I live in a house with three younger siblings, all of whom have been under my dictatorship at one point or another. I won’t lie; I can be a mean big sister who shows no mercy. But watching my siblings grow and rebel against my authority has shown me they each have their own personalities that may or may not clash with my own. It’s taken years to understand this, and even as I write this, I’m recovering from a sibling showdown in which I played the role of sheriff and merciless totalitarian. Still, conflict isn’t always a bad thing, and acceptance should be the goal of all relationships. When you learn to keep all your mess and imperfections in check, you allow yourself to do the same with others.

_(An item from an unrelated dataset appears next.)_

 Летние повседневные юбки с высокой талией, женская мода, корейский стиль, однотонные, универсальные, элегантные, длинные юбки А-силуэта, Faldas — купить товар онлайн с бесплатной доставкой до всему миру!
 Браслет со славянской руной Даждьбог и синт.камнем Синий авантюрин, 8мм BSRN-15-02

I wish I had superpowers for only one reason: to see what people really think of themselves. Over the years, my curiosity has manifested itself in a number of ways—with me trying to read people’s thoughts or guessing their level of self-confidence by the way they walk or talk. From a young age, I’ve struggled with self-consciousness and low self-esteem. I would often change my personality so that I could be accepted in a particular crowd, while never really allowing anyone to see the real me, as I was never really certain of who that was in the first place.
I used to envy self-assured people no matter how unpopular they were. I wanted that cool confidence that comes from knowing who you are and who your real friends are. It’s taken me a long time to assess myself, to get to know who I am and who I am not. You would never tell just by looking at me how uncertain I am, which gets me back to my desire for superpowers. I wanted to know who else struggled with self-identity so I wouldn’t feel like the odd man out.

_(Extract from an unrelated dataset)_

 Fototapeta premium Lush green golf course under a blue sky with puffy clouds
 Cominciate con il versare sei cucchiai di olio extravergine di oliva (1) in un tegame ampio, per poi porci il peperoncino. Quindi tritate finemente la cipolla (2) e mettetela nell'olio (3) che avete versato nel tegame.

As I get older I realize we all do, maybe some more than others, but in a way self-identity is a question that everyone must deal with at one point or another. But here’s the thing about knowing who you are and being OK with it: you learn to love and accept others for who they are. Accepting yourself unlocks the key to understanding that not everyone is perfect, but in each flaw is a purpose, a puzzle piece that fits into a larger complete picture.
Acceptance of myself has meant that I embrace all my past mistakes, that I’m kind to my flaws and that I forgive myself when I do something wrong. I’m not perfect, I don’t always have the right answers or responses to situations and I find myself making silly mistakes on a daily, hourly basis. But that’s OK, and it’s OK for others to make mistakes too, even ones that hurt me. Self-acceptance has helped my confidence, because I’ve grown comfortable with being myself and allowing others to see that. I’m beginning to reach a place where I can say, “It’s great if you like me but it’s not a tragedy if you don’t.”
Of course being yourself means that you’re going to butt heads with others who are not like you which is the next stage in acceptance. Acceptance not only boosts positive self-esteem, but it teaches us how to manage conflict and build healthy relationships.
Acceptance and love for yourself is the first step to keeping conflict in check. It allows conflict to occur without allowing unforgivingness to take root. When someone does something to hurt me, I feel all the emotions any normal person does, but I also try my best to see that I’ve also done things to hurt others. For that reason I can’t hold a grudge because, to do that, I would have to be a flawless person who’s never done wrong. Give people chances, allow them to accept you and in turn accept them. After all, we’re all beautiful messes.